Pernyataan itu disampaikan Bahtra menanggapi polemik yang terjadi di Kabupaten Pati, Jawa Tengah, terkait hak angket terhadap Bupati Pati yang juga kader Partai Gerindra.
Bahtra menjelaskan, DPRD Pati berhak menggunakan hak angket, tetapi proses pemberhentian kepala daerah harus mengikuti ketentuan UU. Dalam Pasal 78 ayat (1) UU 23/2014, disebutkan beberapa kondisi yang memungkinkan kepala daerah berhenti dari jabatannya, seperti meninggal dunia, berhalangan tetap, mengundurkan diri, atau diberhentikan.
Sementara itu, Pasal 78 ayat (2) menjabarkan tata cara pemberhentian, termasuk masa jabatan yang telah berakhir atau ketidakmampuan menjalankan tugas selama enam bulan berturut-turut. “Semua mekanisme ini sudah jelas diatur, sehingga jika terbukti ada pelanggaran, DPRD Pati dapat menindaklanjuti hak angket sesuai aturan,” ujar Bahtra.

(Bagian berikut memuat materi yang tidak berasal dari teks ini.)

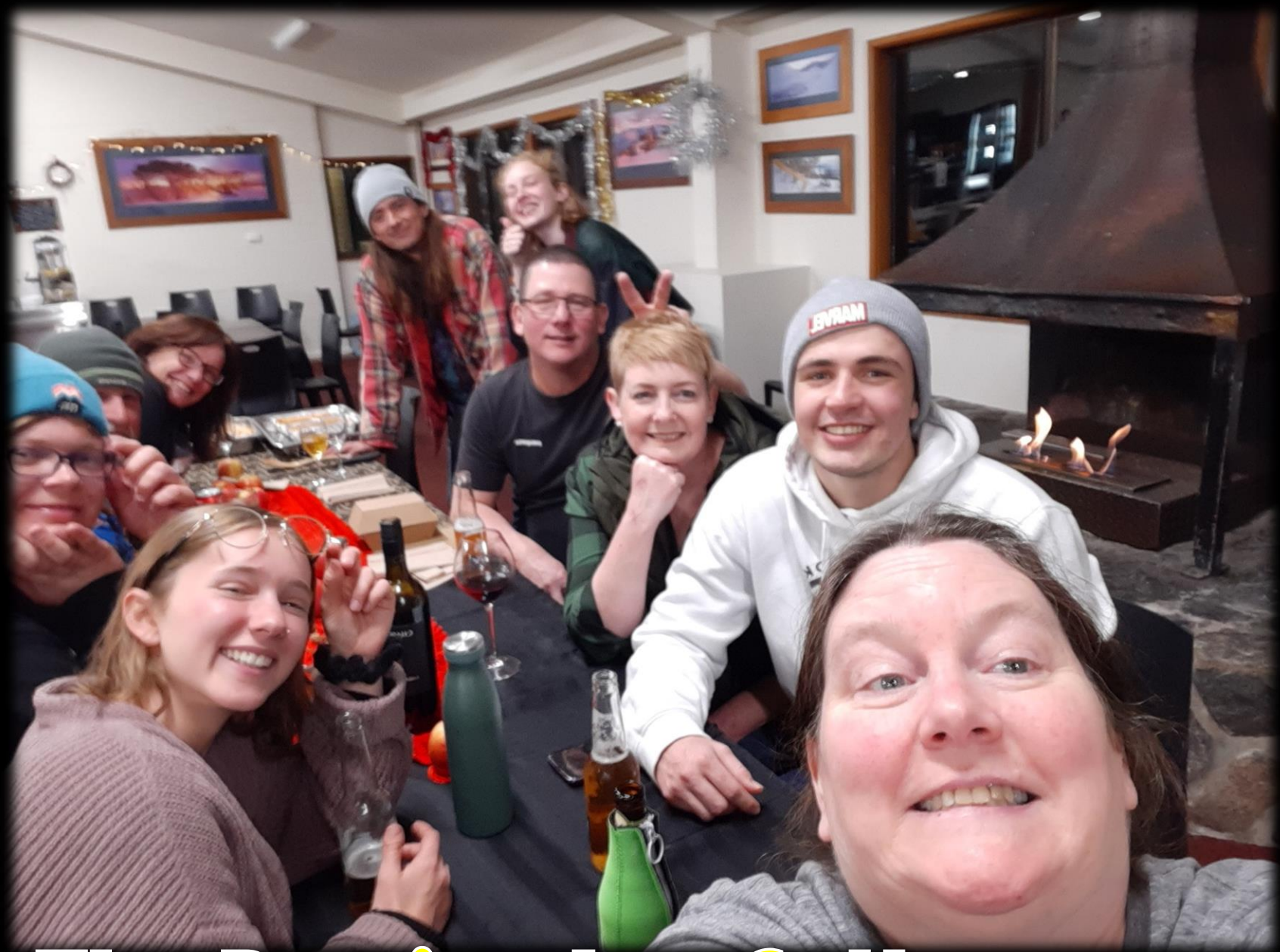
The Burning log Guthega

Wakil Ketua Komisi II ini menekankan bahwa pemberhentian kepala daerah tidak boleh dilakukan hanya berdasarkan dugaan, tekanan politik, atau emosional. Ia mengingatkan agar demonstrasi masyarakat, yang bertujuan mengkritisi kebijakan pemerintah daerah, tidak disusupi kepentingan pihak lain.

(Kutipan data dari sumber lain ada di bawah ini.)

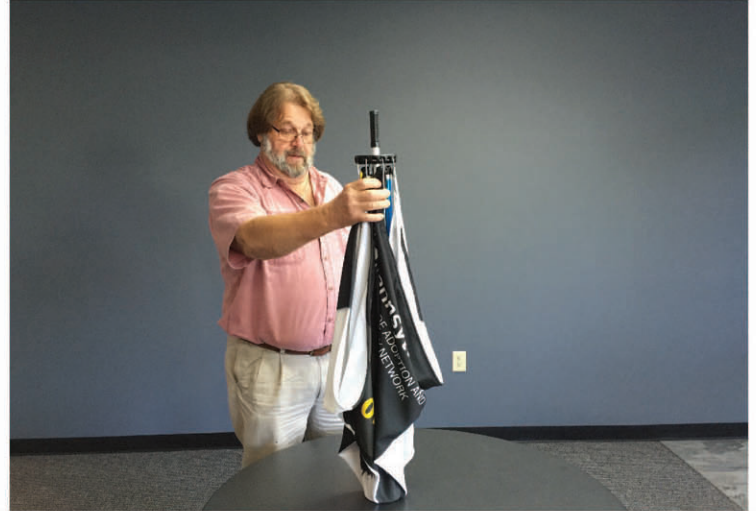
Stand ShowFlex upright on table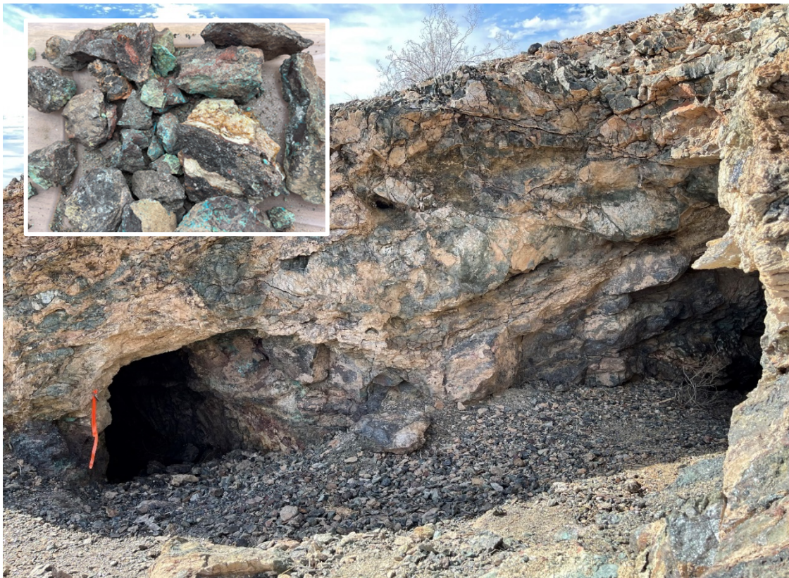
Figure 4. New Standard mine area adits and inset, sample from adit entrance returning 4.62% Cu (773170E, 3780669N).

Mineralisation, as described by SRK, is characteristic of Iron Oxide Copper Gold (IOCG) systems consisting of specularite with subsidiary copper oxides, commonly chrysocolla with minor malachite and tenorite, typically as veins and less commonly as stockwork veining found in both the footwall and hangingwall of the more prominent veins. Magnetite is only locally extant and usually absent from the iron oxide ( \pm copper oxide) veins.

Jika hak angket benar-benar bergulir, Bupati Pati, Sudewo, akan dimintai penjelasan terkait kebijakan yang sebelumnya diputuskan dan kemudian dibatalkan. Apabila ditemukan pelanggaran, keputusan akhir akan diuji oleh Mahkamah Agung. Namun, jika tidak ada pelanggaran, Sudewo tetap dapat melaksanakan tugasnya sebagai kepala daerah.
“Intinya, pemberhentian kepala daerah harus melalui mekanisme resmi yang sudah diatur UU. Tidak boleh dilakukan hanya karena dugaan atau emosi semata,” tegas Bahtra.